After publicly addressing liberal taboos and free speech on American college campuses, a University of Pennsylvania Law School professor received a condemnatory “open letter” signed by 33 of her colleagues denouncing her views.
Some time after the publication of the open letter attacking Professor Amy Wax, who is UPenn’s Robert Mundheim Professor of Law, the dean of the law school asked her to take a leave of absence next year and to stop teaching a mandatory first-year course, saying he was getting “pressure” to banish the professor for her conservative views.
Professor Wax’s crime consisted in an op-ed in the Philadelphia Inquirer last August in which she and a colleague from the University of San Diego Law School dared to suggest that many of the “bourgeois” values that reigned in America prior to the 1960s were actually good for society and “a major contributor to the productivity, educational gains and social coherence of that period.”
The two professors laid out the “cultural script” embraced during that period in the following terms:
Get married before you have children and strive to stay married for their sake. Get the education you need for gainful employment, work hard and avoid idleness. Go the extra mile for your employer or client. Be a patriot, ready to serve the country. Be neighborly, civic-minded and charitable. Avoid coarse language in public. Be respectful of authority. Eschew substance abuse and crime.
The breakdown of this “bourgeois culture,” they contended, underlies many of today’s social pathologies, while a return to that culture would go a long way toward addressing them.
What critics deemed most offensive about the original op-ed, it would seem, was the suggestion that some cultures are truly superior to others and more suited to human thriving. Such an assertion is apparently taboo in today’s academia, which bends over backwards to appear impartial in its assessment of what makes a society good.
In a Feb. 16 essay in the Wall Street Journal, Professor Wax chronicles the adventure of becoming a target of liberal academia as well as the surprising amount of support (much of it private) from people who are fed up with the illiberal hegemony of politically correct academia.
Importantly, Wax relates how virtually none of the criticism of her views actually engaged the arguments, but instead consisted in “hurling” insults and labels meant to shut down—rather than stimulate—academic debate.
The aptly titled essay—“What Can’t Be Debated on Campus”— explores how the abstract talk about free speech talk on American college campuses translates into action when confronting unpopular ideas. “It is only when people are confronted with speech they don’t like that we see whether these abstractions are real to them,” Wax writes.
Academic institutions should be “places where people are free to think and reason about important questions that affect our society and our way of life—something not possible in today’s atmosphere of enforced orthodoxy,” she laments.
“What those of us in academia should certainly not do is engage in unreasoned speech: hurling slurs and epithets, name-calling, vilification and mindless labeling,” she adds, but slinging labels “doesn’t enlighten, inform, edify or educate.
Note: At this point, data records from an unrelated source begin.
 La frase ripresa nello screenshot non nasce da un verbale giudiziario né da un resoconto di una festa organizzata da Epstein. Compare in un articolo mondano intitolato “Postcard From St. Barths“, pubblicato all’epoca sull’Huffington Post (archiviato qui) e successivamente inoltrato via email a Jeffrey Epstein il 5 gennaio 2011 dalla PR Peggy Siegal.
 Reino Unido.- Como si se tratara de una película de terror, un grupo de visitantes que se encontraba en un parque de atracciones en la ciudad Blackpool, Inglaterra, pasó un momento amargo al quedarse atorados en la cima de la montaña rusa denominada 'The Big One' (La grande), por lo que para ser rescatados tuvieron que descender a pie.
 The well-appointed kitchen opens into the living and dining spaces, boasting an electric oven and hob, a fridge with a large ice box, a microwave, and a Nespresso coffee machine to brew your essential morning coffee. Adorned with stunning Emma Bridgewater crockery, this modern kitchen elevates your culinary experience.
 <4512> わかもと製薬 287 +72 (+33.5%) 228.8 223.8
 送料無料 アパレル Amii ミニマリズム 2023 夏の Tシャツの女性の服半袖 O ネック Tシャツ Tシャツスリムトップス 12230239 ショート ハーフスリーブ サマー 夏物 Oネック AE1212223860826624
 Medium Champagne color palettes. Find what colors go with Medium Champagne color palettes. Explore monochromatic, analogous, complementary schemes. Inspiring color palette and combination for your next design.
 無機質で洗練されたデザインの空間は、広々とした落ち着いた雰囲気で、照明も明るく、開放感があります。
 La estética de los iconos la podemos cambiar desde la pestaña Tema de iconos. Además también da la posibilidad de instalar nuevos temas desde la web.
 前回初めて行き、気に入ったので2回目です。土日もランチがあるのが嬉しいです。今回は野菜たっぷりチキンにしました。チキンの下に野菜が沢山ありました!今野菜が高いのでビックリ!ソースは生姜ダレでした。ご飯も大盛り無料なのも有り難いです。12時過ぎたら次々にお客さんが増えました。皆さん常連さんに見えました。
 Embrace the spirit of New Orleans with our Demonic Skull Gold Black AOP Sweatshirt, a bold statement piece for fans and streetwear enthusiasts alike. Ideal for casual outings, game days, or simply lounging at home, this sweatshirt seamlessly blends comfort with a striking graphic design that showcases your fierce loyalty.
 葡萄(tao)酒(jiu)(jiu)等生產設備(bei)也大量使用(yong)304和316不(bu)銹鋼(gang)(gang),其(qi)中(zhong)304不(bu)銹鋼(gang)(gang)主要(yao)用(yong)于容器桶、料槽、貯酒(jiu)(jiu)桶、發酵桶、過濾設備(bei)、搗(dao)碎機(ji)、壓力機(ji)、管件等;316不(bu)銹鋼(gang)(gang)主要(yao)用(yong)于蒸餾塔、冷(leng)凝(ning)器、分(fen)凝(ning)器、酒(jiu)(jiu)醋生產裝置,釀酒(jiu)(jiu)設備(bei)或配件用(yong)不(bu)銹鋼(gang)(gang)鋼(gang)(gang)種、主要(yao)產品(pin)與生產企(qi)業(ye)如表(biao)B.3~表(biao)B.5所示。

Indeed, it undermines these goals by discouraging or stifling dissent.”
As a follow-up article to the original controversy noted: “Every open letter you sign to condemn a colleague for his or her words brings us closer to a world in which academic disagreements are resolved by social force and political power, not by argumentation and persuasion.”
The signers of the “open letter” sent a very destructive message to students, Wax observed in her Wall Street Journal piece.
“My 33 colleagues might have believed they were protecting students from being injured by harmful opinions, but they were doing those students no favors,” she writes. “Students need the opposite of protection from diverse arguments and points of view. They need exposure to them. This exposure will teach them how to think.”
Offense and upset go with the territory and are part and parcel of an open, democratic society. “We should be teaching our young people to get used to these things, but instead we are teaching them the opposite,” she added.